_Data for processing_
##############################

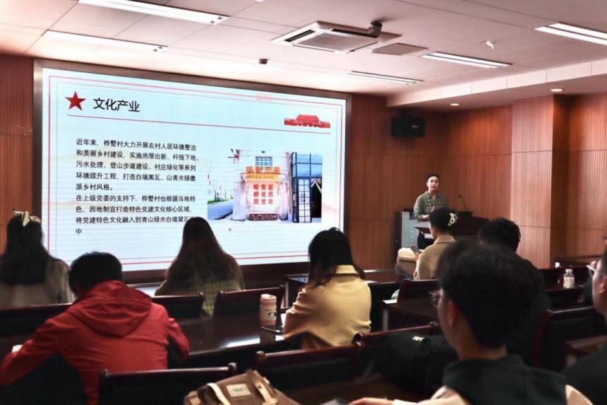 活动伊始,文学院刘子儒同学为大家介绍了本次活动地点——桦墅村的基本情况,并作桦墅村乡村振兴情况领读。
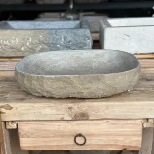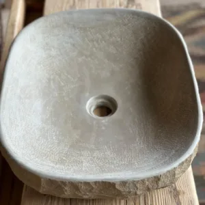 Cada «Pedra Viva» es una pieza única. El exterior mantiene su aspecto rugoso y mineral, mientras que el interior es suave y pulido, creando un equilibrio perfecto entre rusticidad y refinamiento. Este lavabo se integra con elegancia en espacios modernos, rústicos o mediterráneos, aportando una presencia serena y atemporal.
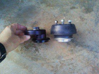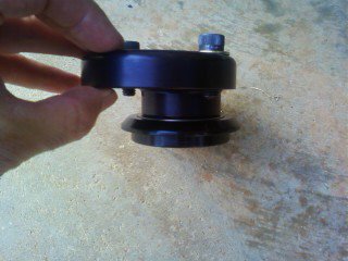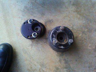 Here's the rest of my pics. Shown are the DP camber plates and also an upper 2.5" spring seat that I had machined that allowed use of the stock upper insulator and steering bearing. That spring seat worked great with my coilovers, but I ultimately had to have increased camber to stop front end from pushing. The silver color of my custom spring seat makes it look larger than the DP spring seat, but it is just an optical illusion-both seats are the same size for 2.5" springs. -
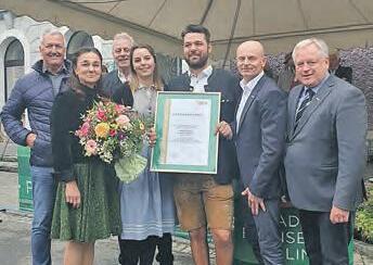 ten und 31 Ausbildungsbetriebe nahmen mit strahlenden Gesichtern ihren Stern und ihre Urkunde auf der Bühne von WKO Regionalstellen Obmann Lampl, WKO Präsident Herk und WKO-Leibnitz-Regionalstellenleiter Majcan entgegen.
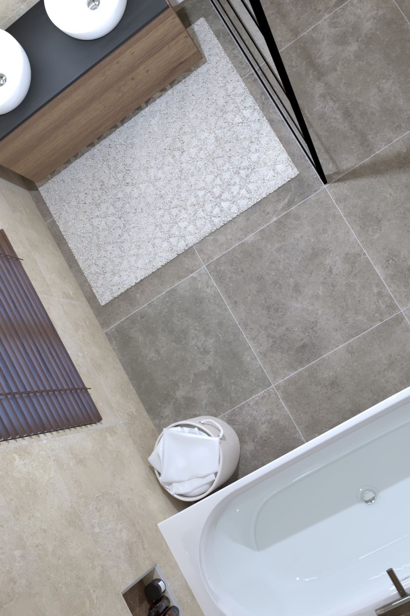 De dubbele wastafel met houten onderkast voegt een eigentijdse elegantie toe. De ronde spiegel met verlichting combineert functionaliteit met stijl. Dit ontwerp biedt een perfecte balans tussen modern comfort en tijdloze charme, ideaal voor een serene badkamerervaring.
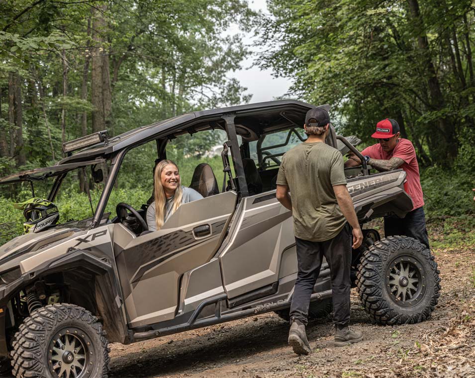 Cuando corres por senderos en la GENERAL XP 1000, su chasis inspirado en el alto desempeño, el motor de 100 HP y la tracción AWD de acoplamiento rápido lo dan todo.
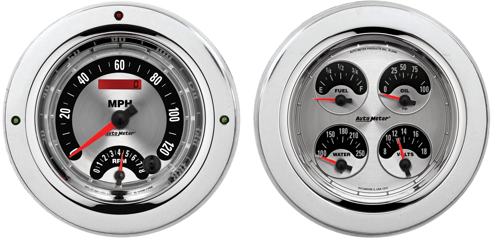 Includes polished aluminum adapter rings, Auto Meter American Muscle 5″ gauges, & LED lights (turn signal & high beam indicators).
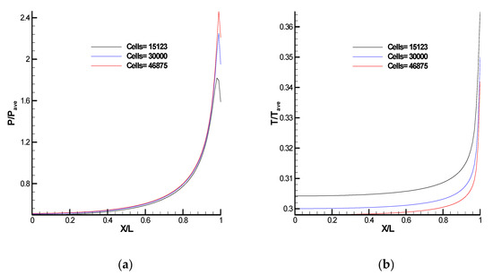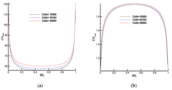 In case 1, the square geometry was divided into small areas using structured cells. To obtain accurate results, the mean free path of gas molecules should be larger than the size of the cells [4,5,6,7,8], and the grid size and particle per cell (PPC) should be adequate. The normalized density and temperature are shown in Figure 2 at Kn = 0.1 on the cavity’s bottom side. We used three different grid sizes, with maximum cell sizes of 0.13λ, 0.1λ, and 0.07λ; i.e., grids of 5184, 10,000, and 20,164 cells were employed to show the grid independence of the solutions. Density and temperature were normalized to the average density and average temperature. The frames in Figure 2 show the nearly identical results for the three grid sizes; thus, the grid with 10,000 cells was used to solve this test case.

##############################

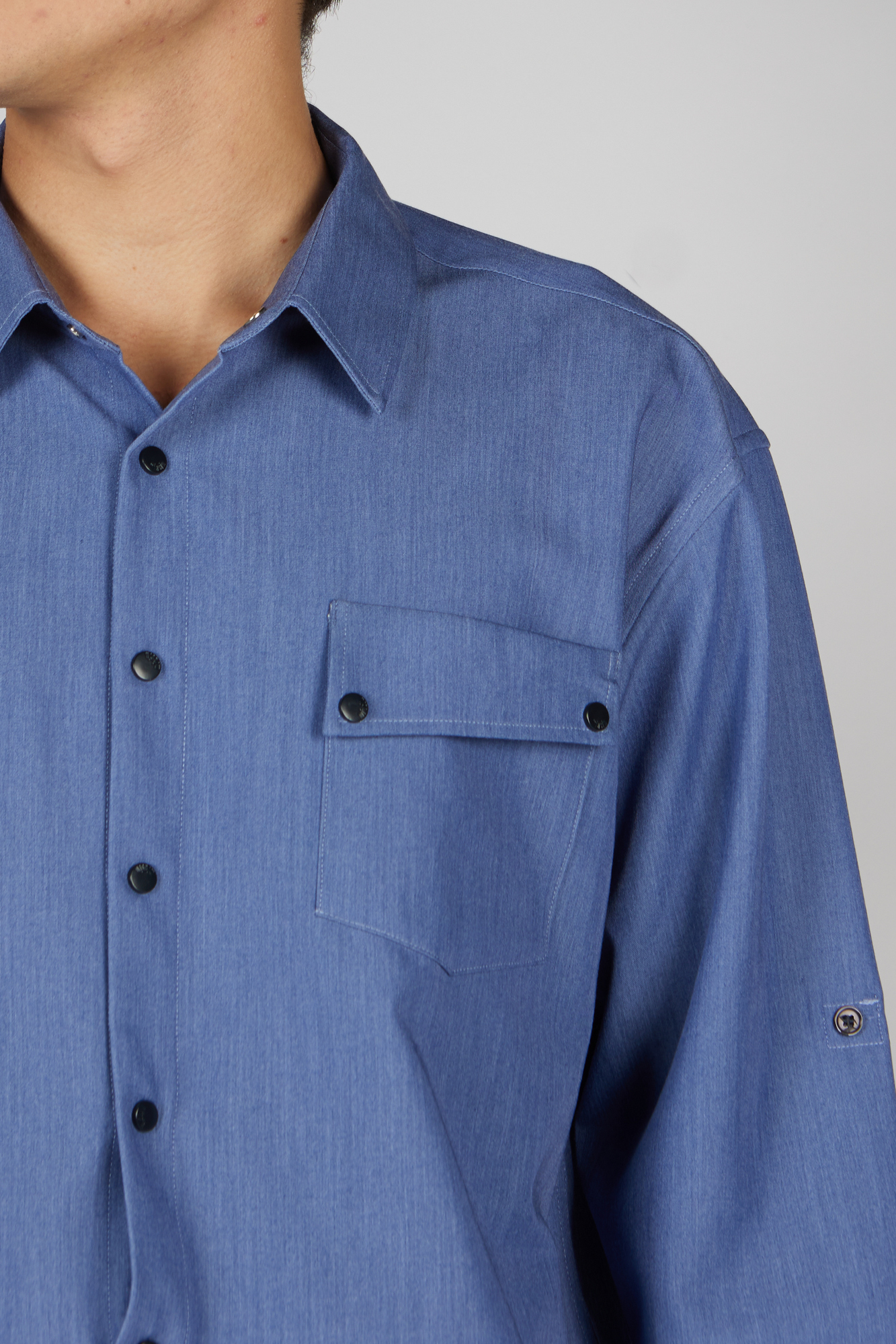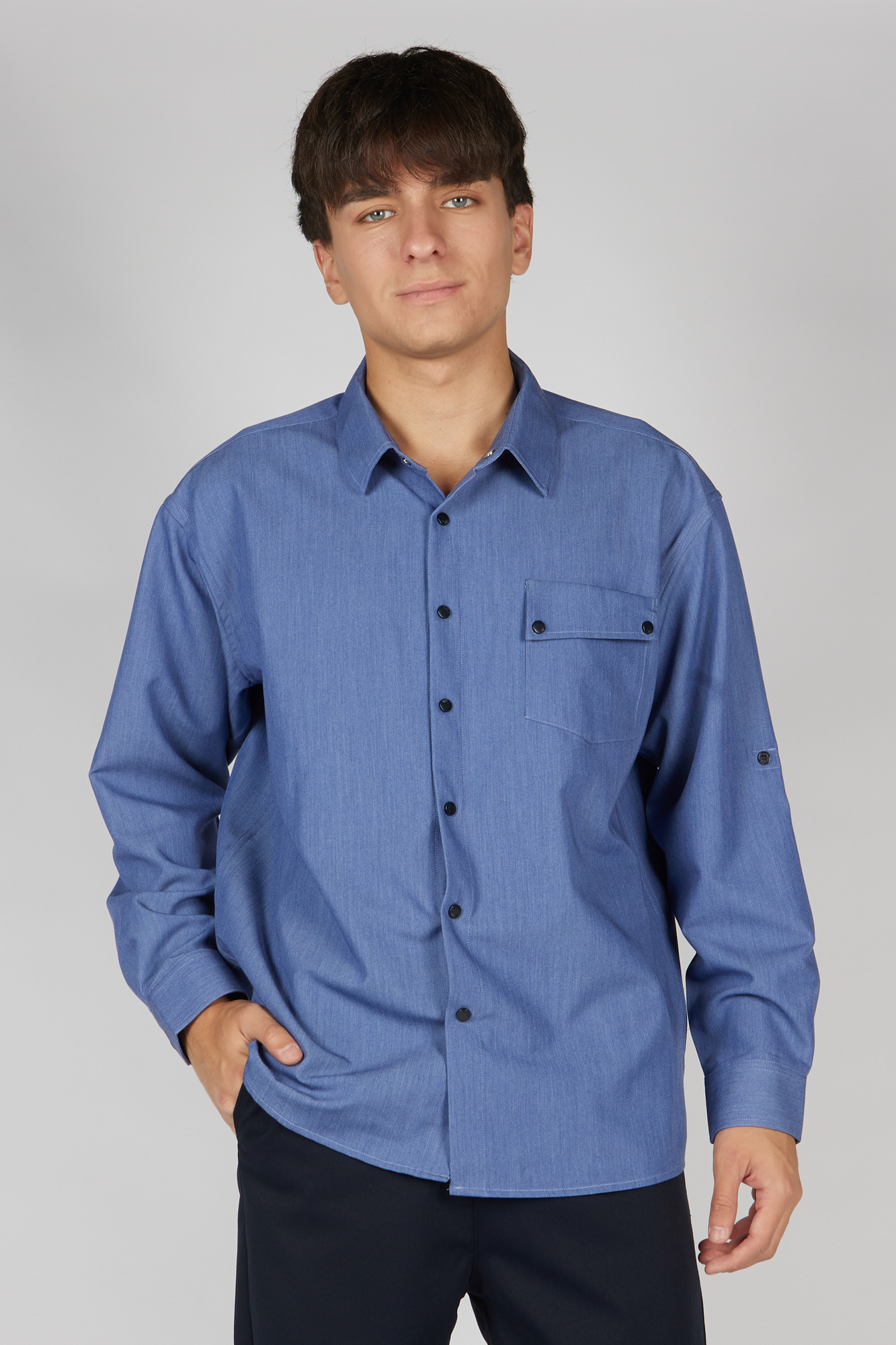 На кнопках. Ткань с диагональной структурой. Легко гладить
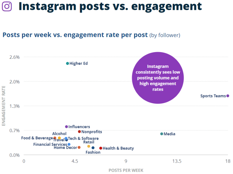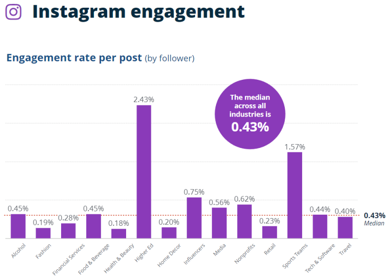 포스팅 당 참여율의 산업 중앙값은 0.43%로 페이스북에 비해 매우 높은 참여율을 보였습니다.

##############################

_Task to complete_
I'd like the lines above repeated exactly, from the one that contains "Cuando corres por" through the one that contains "Includes polished aluminum", with no pictures.

_Task result_
 Cuando corres por senderos en la GENERAL XP 1000, su chasis inspirado en el alto desempeño, el motor de 100 HP y la tracción AWD de acoplamiento rápido lo dan todo.
 Includes polished aluminum adapter rings, Auto Meter American Muscle 5″ gauges, & LED lights (turn signal & high beam indicators).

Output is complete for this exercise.